ASSIGNMENT: Could the records below please be retyped exactly, with their pictures left out?

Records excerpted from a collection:

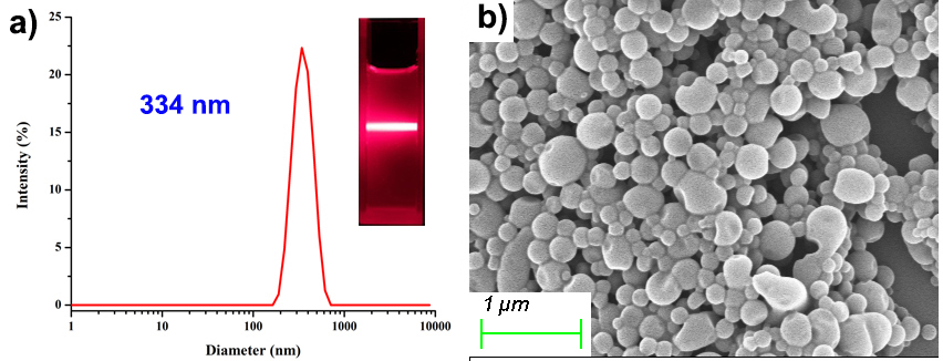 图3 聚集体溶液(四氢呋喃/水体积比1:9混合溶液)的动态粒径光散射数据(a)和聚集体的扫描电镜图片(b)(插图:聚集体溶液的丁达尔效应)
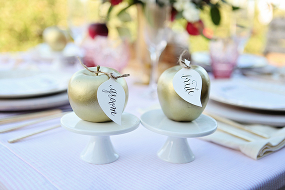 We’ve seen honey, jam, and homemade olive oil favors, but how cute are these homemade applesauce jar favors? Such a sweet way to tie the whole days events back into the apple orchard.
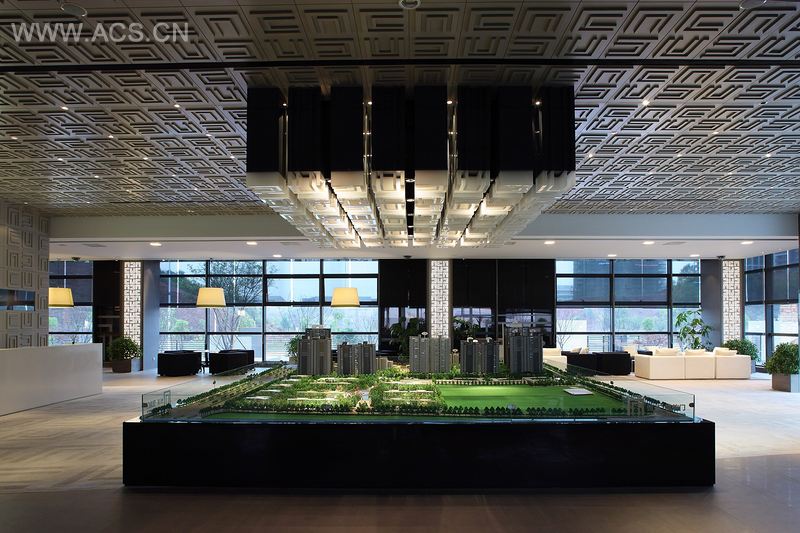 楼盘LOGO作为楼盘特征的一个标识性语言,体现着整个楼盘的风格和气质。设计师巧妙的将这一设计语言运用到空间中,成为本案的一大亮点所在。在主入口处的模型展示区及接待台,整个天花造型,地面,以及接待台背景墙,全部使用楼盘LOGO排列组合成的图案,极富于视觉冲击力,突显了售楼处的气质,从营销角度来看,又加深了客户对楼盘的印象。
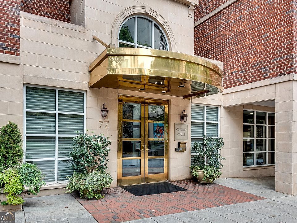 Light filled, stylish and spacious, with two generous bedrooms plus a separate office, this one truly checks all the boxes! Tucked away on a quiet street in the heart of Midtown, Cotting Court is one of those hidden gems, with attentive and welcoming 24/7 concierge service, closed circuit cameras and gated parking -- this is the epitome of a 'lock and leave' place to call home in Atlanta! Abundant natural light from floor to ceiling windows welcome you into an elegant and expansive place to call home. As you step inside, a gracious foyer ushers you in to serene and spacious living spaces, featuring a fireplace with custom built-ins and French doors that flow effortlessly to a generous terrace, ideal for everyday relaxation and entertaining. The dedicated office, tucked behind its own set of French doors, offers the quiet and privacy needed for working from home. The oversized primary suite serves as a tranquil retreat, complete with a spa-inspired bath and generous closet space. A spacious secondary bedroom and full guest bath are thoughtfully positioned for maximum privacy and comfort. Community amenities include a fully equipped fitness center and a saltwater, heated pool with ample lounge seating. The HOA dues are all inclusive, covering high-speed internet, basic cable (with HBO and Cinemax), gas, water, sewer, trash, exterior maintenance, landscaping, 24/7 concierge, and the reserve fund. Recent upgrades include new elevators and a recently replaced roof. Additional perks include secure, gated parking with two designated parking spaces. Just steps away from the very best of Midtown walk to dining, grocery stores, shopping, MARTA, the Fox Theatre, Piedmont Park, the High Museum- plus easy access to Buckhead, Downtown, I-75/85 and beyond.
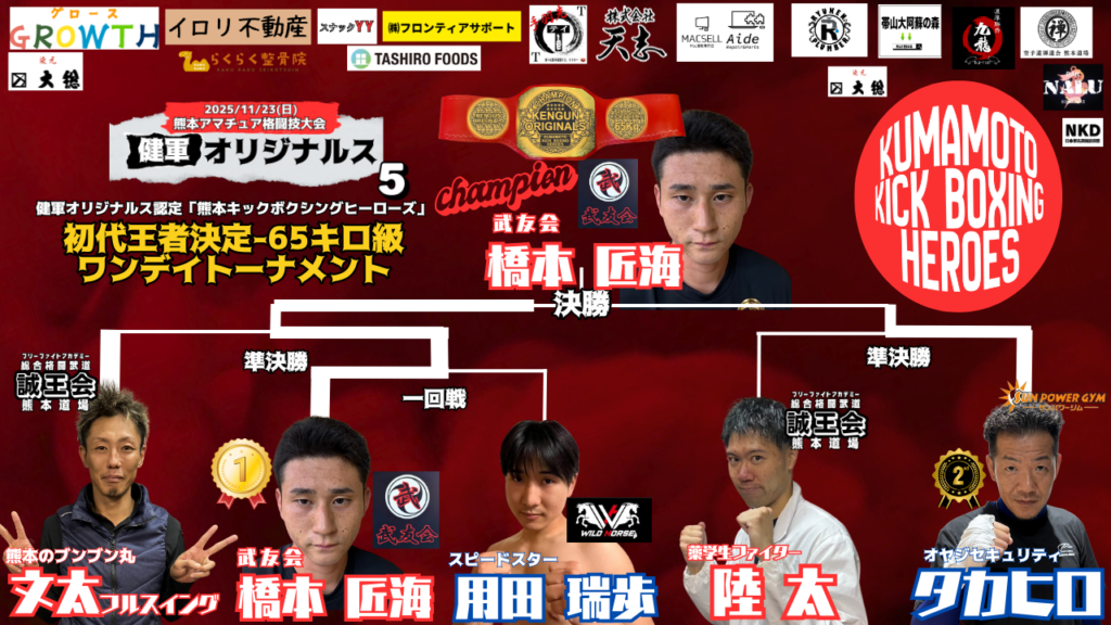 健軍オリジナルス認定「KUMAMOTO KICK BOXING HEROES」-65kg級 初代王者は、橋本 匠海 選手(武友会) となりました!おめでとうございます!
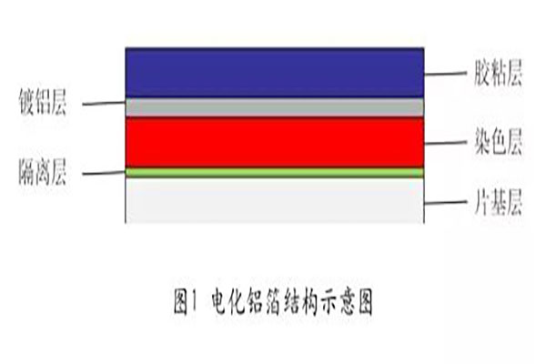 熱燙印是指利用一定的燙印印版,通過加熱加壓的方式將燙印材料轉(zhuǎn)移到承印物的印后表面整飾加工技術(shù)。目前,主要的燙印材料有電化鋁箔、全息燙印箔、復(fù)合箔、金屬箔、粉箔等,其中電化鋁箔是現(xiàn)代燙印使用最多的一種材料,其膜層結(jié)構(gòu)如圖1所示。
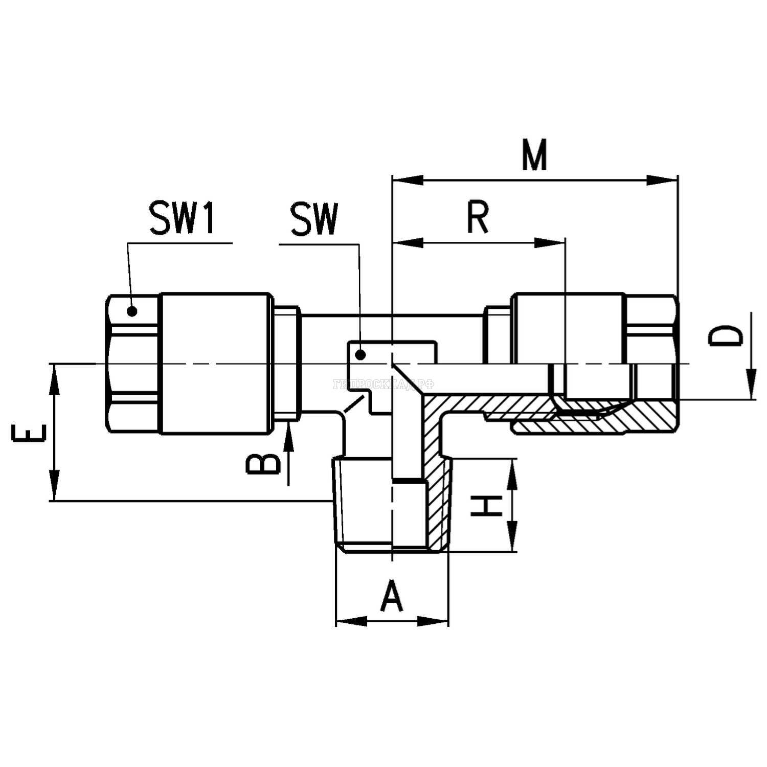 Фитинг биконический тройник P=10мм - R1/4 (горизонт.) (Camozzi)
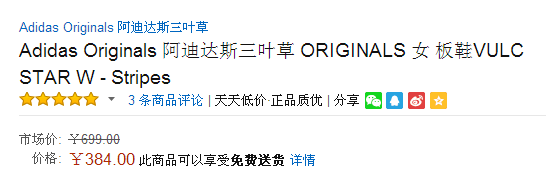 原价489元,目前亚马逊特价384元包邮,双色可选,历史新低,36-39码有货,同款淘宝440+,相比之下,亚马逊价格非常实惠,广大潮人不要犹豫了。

RESPONSE:
 图3 聚集体溶液(四氢呋喃/水体积比1:9混合溶液)的动态粒径光散射数据(a)和聚集体的扫描电镜图片(b)(插图:聚集体溶液的丁达尔效应)
 We’ve seen honey, jam, and homemade olive oil favors, but how cute are these homemade applesauce jar favors? Such a sweet way to tie the whole days events back into the apple orchard.
 楼盘LOGO作为楼盘特征的一个标识性语言,体现着整个楼盘的风格和气质。设计师巧妙的将这一设计语言运用到空间中,成为本案的一大亮点所在。在主入口处的模型展示区及接待台,整个天花造型,地面,以及接待台背景墙,全部使用楼盘LOGO排列组合成的图案,极富于视觉冲击力,突显了售楼处的气质,从营销角度来看,又加深了客户对楼盘的印象。
 Light filled, stylish and spacious, with two generous bedrooms plus a separate office, this one truly checks all the boxes! Tucked away on a quiet street in the heart of Midtown, Cotting Court is one of those hidden gems, with attentive and welcoming 24/7 concierge service, closed circuit cameras and gated parking -- this is the epitome of a 'lock and leave' place to call home in Atlanta! Abundant natural light from floor to ceiling windows welcome you into an elegant and expansive place to call home. As you step inside, a gracious foyer ushers you in to serene and spacious living spaces, featuring a fireplace with custom built-ins and French doors that flow effortlessly to a generous terrace, ideal for everyday relaxation and entertaining. The dedicated office, tucked behind its own set of French doors, offers the quiet and privacy needed for working from home. The oversized primary suite serves as a tranquil retreat, complete with a spa-inspired bath and generous closet space. A spacious secondary bedroom and full guest bath are thoughtfully positioned for maximum privacy and comfort. Community amenities include a fully equipped fitness center and a saltwater, heated pool with ample lounge seating. The HOA dues are all inclusive, covering high-speed internet, basic cable (with HBO and Cinemax), gas, water, sewer, trash, exterior maintenance, landscaping, 24/7 concierge, and the reserve fund. Recent upgrades include new elevators and a recently replaced roof. Additional perks include secure, gated parking with two designated parking spaces. Just steps away from the very best of Midtown walk to dining, grocery stores, shopping, MARTA, the Fox Theatre, Piedmont Park, the High Museum- plus easy access to Buckhead, Downtown, I-75/85 and beyond.
 健軍オリジナルス認定「KUMAMOTO KICK BOXING HEROES」-65kg級 初代王者は、橋本 匠海 選手(武友会) となりました!おめでとうございます!
 熱燙印是指利用一定的燙印印版,通過加熱加壓的方式將燙印材料轉(zhuǎn)移到承印物的印后表面整飾加工技術(shù)。目前,主要的燙印材料有電化鋁箔、全息燙印箔、復(fù)合箔、金屬箔、粉箔等,其中電化鋁箔是現(xiàn)代燙印使用最多的一種材料,其膜層結(jié)構(gòu)如圖1所示。
 Фитинг биконический тройник P=10мм - R1/4 (горизонт.) (Camozzi)
 原价489元,目前亚马逊特价384元包邮,双色可选,历史新低,36-39码有货,同款淘宝440+,相比之下,亚马逊价格非常实惠,广大潮人不要犹豫了。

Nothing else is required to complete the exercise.